Wednesday, April 2, 2014

Ream and run - two year followup.

Here are the radiographs of a 68 year old person from north of here. 

At that time when he presented to us two years ago, he could perform none of the 12 functions of the Simple Shoulder Test with his right arm.

Because of his desire to return to heavy use of his arm he desired a ream and run procedure.

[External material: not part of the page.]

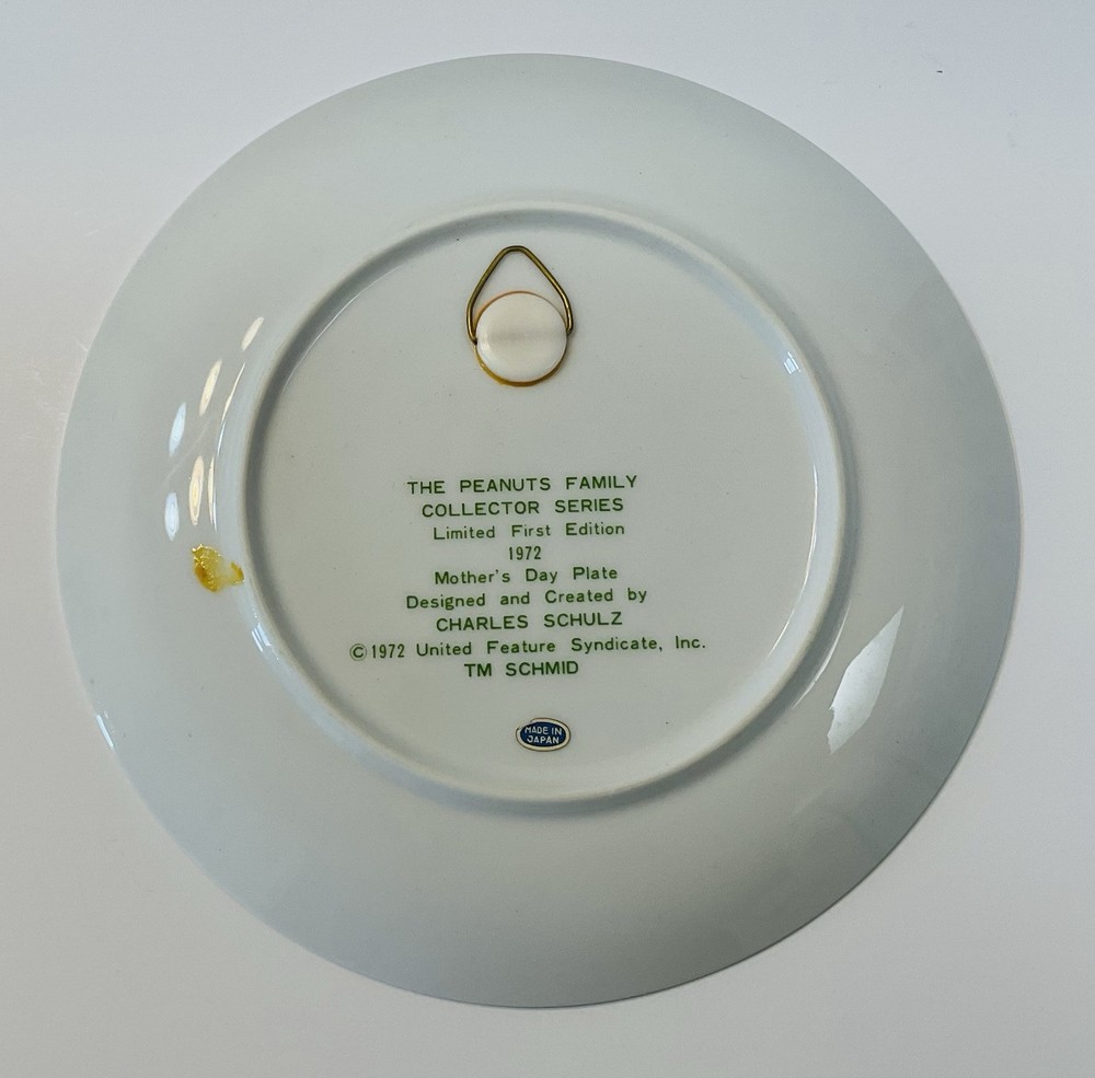 The Schmid Peanuts Mother's Day Collector Plate from 1972 features Linus holding a rose, making it a charming and nostalgic decorative collectible for any occasion. The plate showcases a classic design with a floral pattern, perfect for celebrating Mother's Day or any special day with a touch of sweetness.
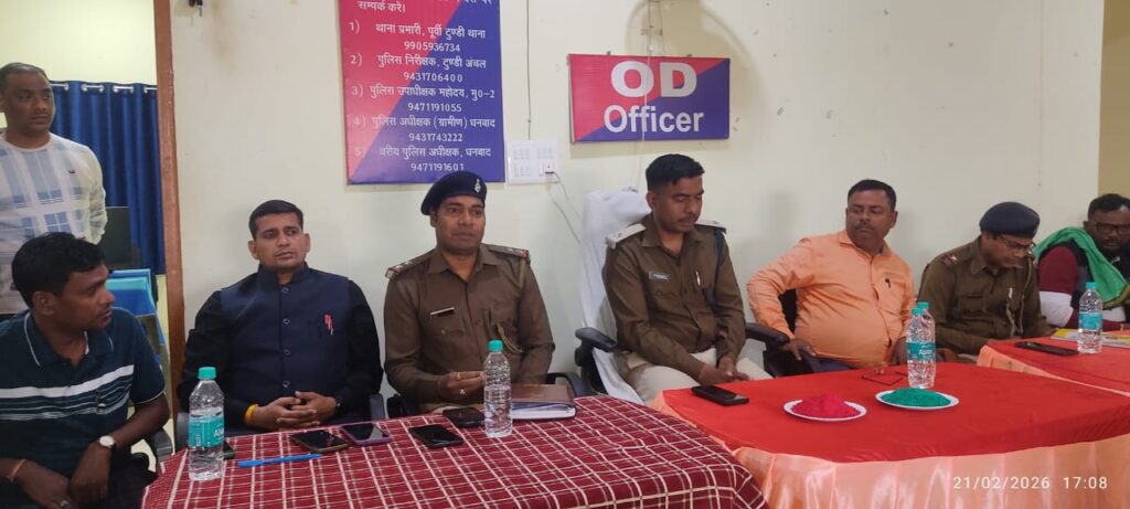 डीजे न्यूज, पूर्वी टुंडी(धनबाद) : होली त्योहार और रमजान माह को लेकर शनिवार को पूर्वी टुंडी थाना परिसर में शनिवार को शांति समिति की बैठक आयोजित की गई। बैठक की अध्यक्षता थाना प्रभारी नीतीश कुमार ने किया। बैठक में होली त्योहार एवं रमजान माह पर शांति व्यवस्था बनाए रखने को लेकर उपस्थित जनप्रतिनिधियों एवं समाजसेवियों के साथ चर्चा की गई। थाना प्रभारी व पुलिस इंस्पेक्टर साजिद हुसैन ने क्षेत्र के लोगों से आपसी सौहार्दपूर्ण माहौल एवं शांति के साथ त्योहार मनाएं जाने की अपील की। क्षेत्र के जनप्रतिनिधि समेत समाज के प्रमुख लोगों से माहौल पर नजर बनाए रखने के साथ-साथ असामाजिक तत्व जो शांतिपूर्ण माहौल को बिगाड़ सकते हैं, वैसे लोगों पर नजर रखने की अपील की गई। प्रशासन द्वारा डीजे बजाने और अश्लील गाना बजाने वालों पर विशेष निगरानी रखने की बात की गई। साथ ही बच्चा चोरी की अफवाह फैलाने वालों पर कानूनी कार्रवाई की चेतावनी दी गई।

Here is his operative note:

Degenerative joint disease right shoulder.
Right shoulder hemiarthroplasty with nonprosthetic glenoid arthroplasty.
Mr. _. is a patient with severe pain and loss of function of the right shoulder because of degenerative joint disease. Knowing in detail the alternatives as well as the risks of infection, neurovascular injury, stiffness, pain, weakness, fracture, component loosening, instability, glenoid arthritis, anesthetic complications and the need for revision surgery, the patient desires to proceed with the above-described procedure.
There was a total loss of articular cartilage over the humeral head and glenoid. The rotator cuff was intact. The quality of the bone was excellent. The structure of the humeral head and glenoid was distorted by the arthritis. There were degenerative cysts in the humeral head.
Ceftriaxone and Vancomycin were administered IV on time and will be discontinued at 24 hours. Antibiotic-containing irrigation fluid was used throughout this case.
Under satisfactory anesthesia, the shoulder was doubly prepped and draped in the usual manner. The shoulder was approached through a long anterior deltopectoral incision. The skin knife was discarded after the skin incision. The abundant scar in the humeroscapular motion interface was lysed.
The subscapularis was carefully incised from its insertion to the lesser tuberosity along with the subjacent capsule. The humerus was exposed by gentle external rotation. The medullary canal was entered and gently reamed to 12 mm. The humerus was prepared to receive the definitive humeral component, which was the 12 56 21 eccentric anterior to help manage posterior instability. This was assembled on the back table. All marginal osteophytes were excised.
Attention was then directed to the glenoid where a very careful iterative glenoid reaming was performed with a 56+2 glenoid reamer according to the establish University of Washington technique. The labrum was carefully preserved. Excellent contouring of the glenoid surface was achieved.
The wound was thoroughly irrigated. The humerus was treated with impaction autografting using bone harvested from the resected humeral head. Drill holes were placed at the anterior neck cut for reattachment of the subscapularis.
The definitive humeral prosthesis was inserted into the medullary canal paying careful attention to its register with respect to the reamed glenoid. A rotator interval plication was required to further provide posterior stability. A stable articulation was achieved.
The subscapularis was securely repaired to the sutures previously placed at the humeral neck cut. The wound was thoroughly irrigated and closed in layers. Dry sterile dressings were applied.
External rotation at the OR table with the subscapularis attached was to 45
The patient was returned to the recovery room in satisfactory condition with his arm in continuous passive motion. Our postoperative plan calls for continuous passive motion in the recovery room and on the floor and for the 150-degree assisted elevation program to be started today.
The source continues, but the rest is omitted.